EXAMPLE 1 construction of xylanase-producing recombinant Pichia pastoris GS115-xyn

The xylanase (PDB No. 3WP4_A) gene fragment from anaerobic fungus Neocallimastix patriciarum was inserted between EcoRI and Not I cleavage sites of pPIC9K plasmid, and pPIC9K-xyn plasmid was constructed, codon optimization and plasmid subcloning were performed by Souzhou Jin Weizhi Biotechnology Co. The pPIC9K-xyn plasmid was linearized using Sal I restriction enzyme, the linearized fragment was introduced into Pichia pastoris GS115 competent cells, and the transformants were grown on MD plates (MD plate medium formulation: 13.4g/L yeast basic nitrogen source, 0.4mg/L biotin, 20g/L glucose, 20g/L agar) at 30℃until single colonies developed. Single colonies on MD plates were transferred to yeast extract peptone dextrose agar (YPD) resistant plates containing 4mg/mL G418 for selection and cultured at 28-30℃for 2-3d until colonies developed.

The colony was transferred to a 250mL shaking flask containing 50mL of seed medium, and cultured at 30℃and 250rpm for 24 hours to obtain a seed solution. The seed solution was centrifuged at 4500rpm for 5min, the supernatant was discarded, and the bacterial slurry was inoculated into a fermentation medium (500 mL shaking flask, liquid loading amount 100 mL) and subjected to free fermentation at 30℃and 250rpm. The induction of xylanase expression was performed by adding 1% v/v methanol (relative to the volume of fermentation medium) every 24h during fermentation. Taking a fermentation broth sample after 72h of fermentation to detect the enzyme activity of xylanase to 3025U/mL. The Pichia pastoris GS115-xyn is successfully constructed and used for subsequent experiments.
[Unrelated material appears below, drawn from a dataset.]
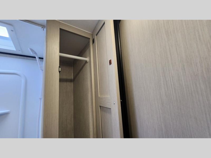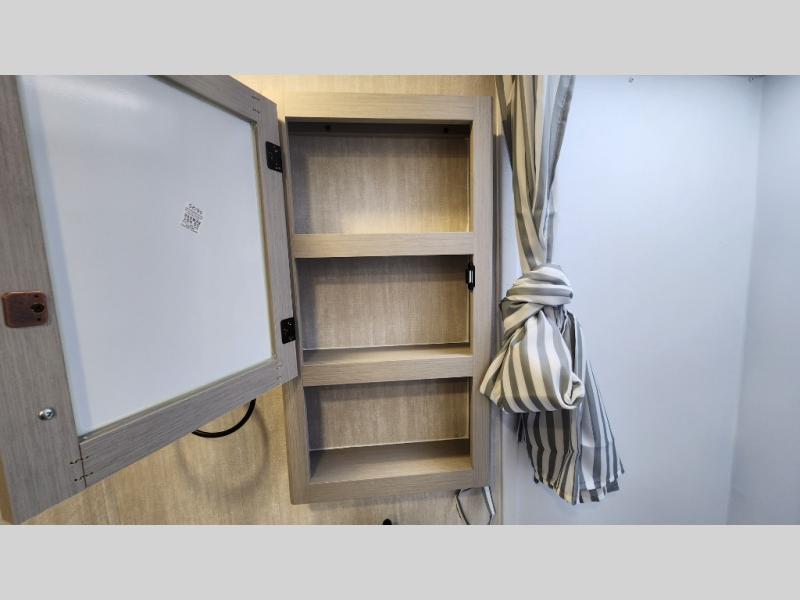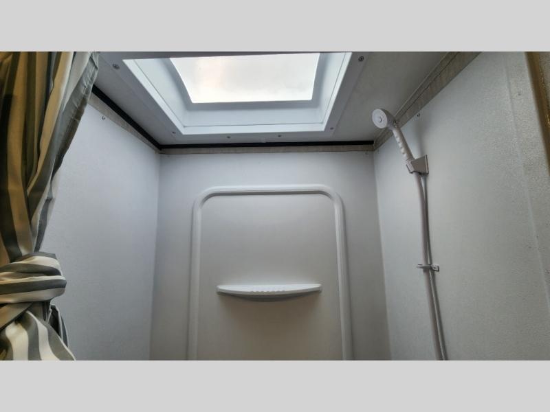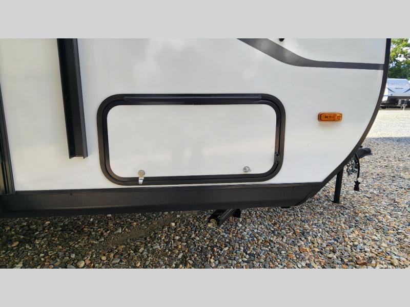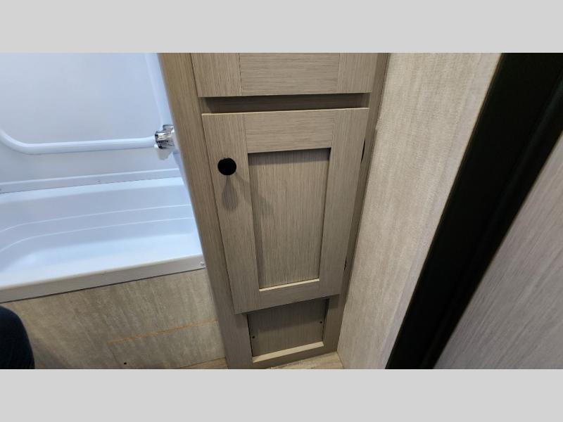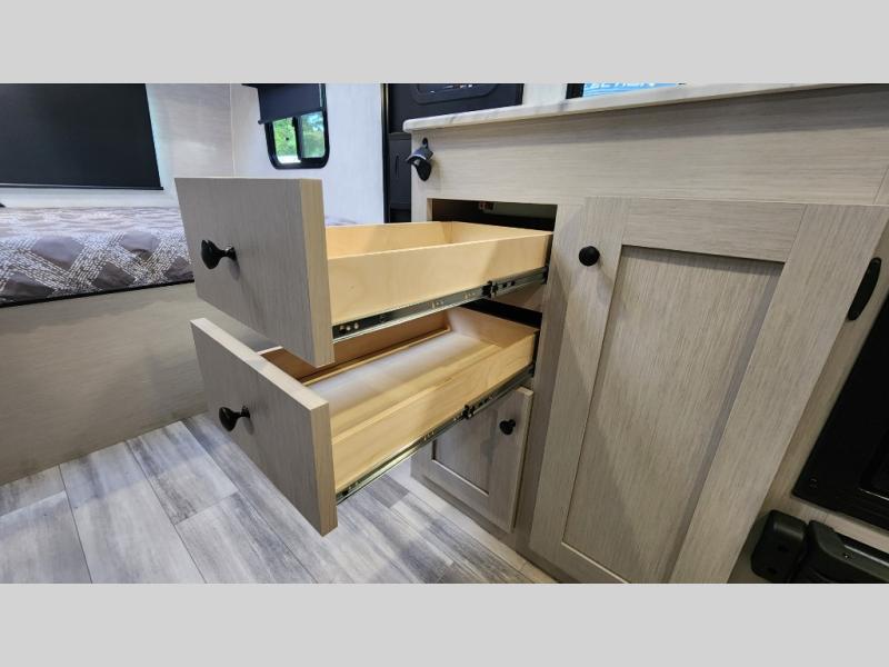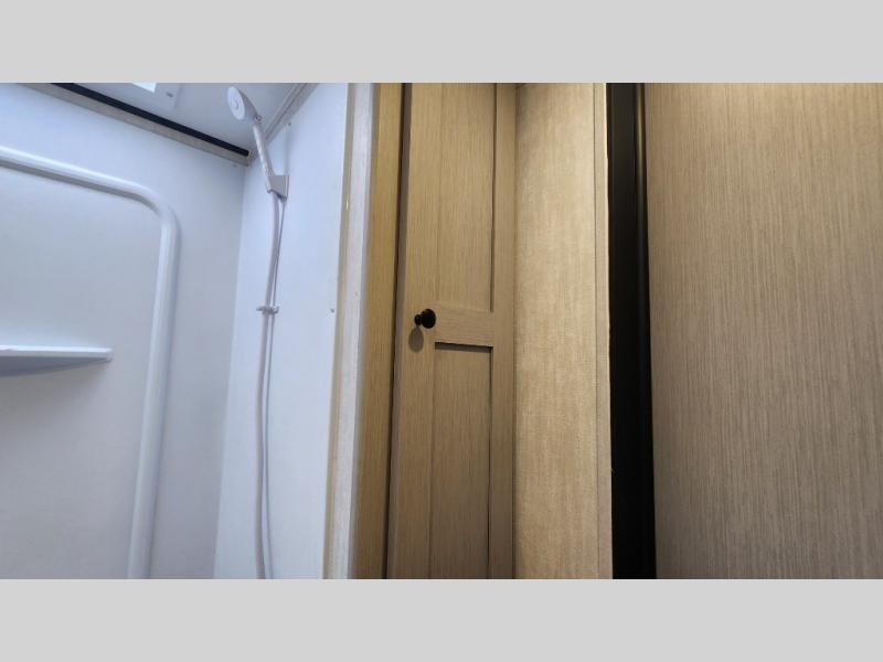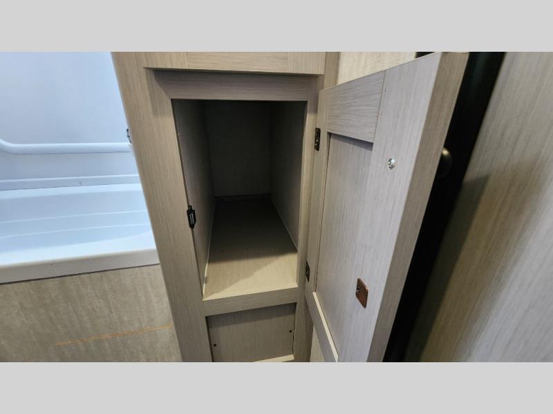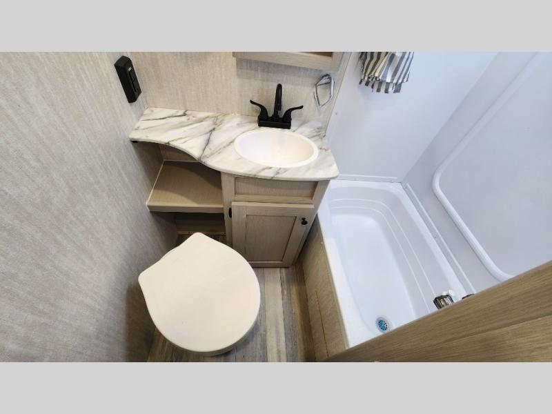 This model is off-grid ready, with Azdel composite construction, a 100-watt solar panel, enclosed underbelly, and rugged all-terrain tires — built to explore far beyond the campground.

Example 2: measurement of xylanase activity.

1. Drawing of xylose standard curve

And taking a 10mL centrifuge tube, adding each component one by one, and drawing a xylose standard curve.

Wherein, the DNS reagent comprises the following components in each liter: 7.5g of 3, 5-dinitrosalicylic acid, 14.0g of sodium hydroxide, 216.0g of potassium sodium tartrate, 5.0g of phenol, 6.0g of sodium metabisulfite and water as a solvent.

Wherein, each liter of xylose standard solution comprises the following components: 10g of xylose and water as a solvent.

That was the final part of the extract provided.